With the Academy failing to nominate a single non-white actor in any acting category for the second year in a row, Nate and Ryan watch John Singleton’s breakout 1991 film Boyz N the Hood. The film earned the first-time writer/director nominations for Best Original Screenplay and Best Director, making him not only the youngest person nominated for the award (24 years old), but also the first black person to receive the best directing nomination. It would be 19 years before another black person was nominated for Best Director, when Lee Daniels was nominated for Precious. This second straight year without a non-white acting nominee has prompted many to take a serious look at what is really happening in Hollywood.
Additionally, high-profile and controversial performances by Beyonce at the Super Bowl and Kendrick Lamar at the Grammys are causing (at best) conversation about the realities of systemic racism and life as an African American and (at worst) fear-filled reactions to the idea that these thoughts and feelings are finally being expressed on the world’s biggest stages.

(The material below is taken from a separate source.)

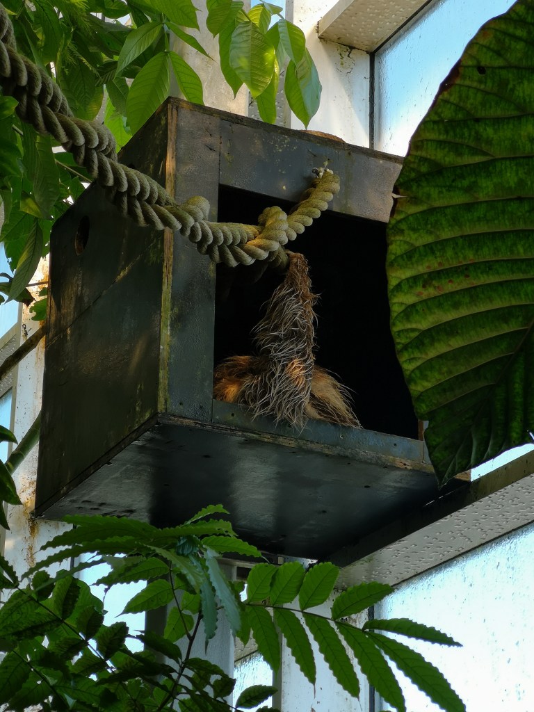Nå, jag kunde lätt ta mig fram och insåg att ett nytt besök, en vardag då barnfamiljerna troligen var färre, kommer genomföras. Det är en spännande plats med både havsdjur, tropisk djungel och bra pedagogisk tanke. Min man njöt av alla fåglarna i Tropiska djungeln. Ja, han har alltid varit en fågelnörd. Det finns nog inte en fågel man kan få tag på som han inte haft eller fött upp. Vi pratar Struts, Amazonpapegojor, Höns( det har jag också haft) Ankor, Vaktlar, Loris, mm. Själv kunde jag känna igen mig i Sengångaren! Jag hänger visserligen sällan i lianer och rep men tar det ju också väääldigt lugnt numera.
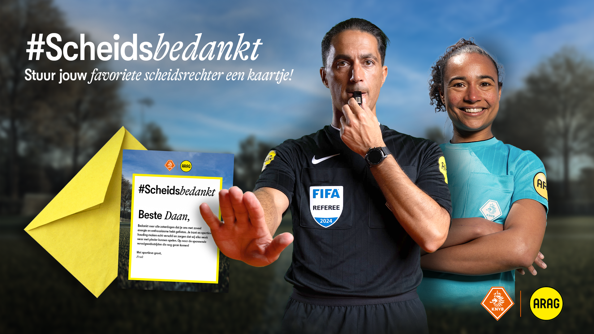 Nu is hét moment om hem of haar in het zonnetje te zetten! Stuur eenvoudig een persoonlijk digitaal kaartje en laat weten hoeveel hun inzet betekent. Kies zelf de scheidsrechter, schrijf jouw boodschap en wij zorgen dat het kaartje per mail wordt bezorgd.

Boyz N the Hood is a unique and personal story from a way of life that was, and is, severely misunderstood by most people in America. Released just one year prior to the Rodney King beating and the riots that followed the acquittal of the police officers responsible, Boyz N the Hood is not only considered a landmark film from a dynamic first-time director, but has proven to be an important primary historical source, telling the story of life in south central Los Angeles as it was happening.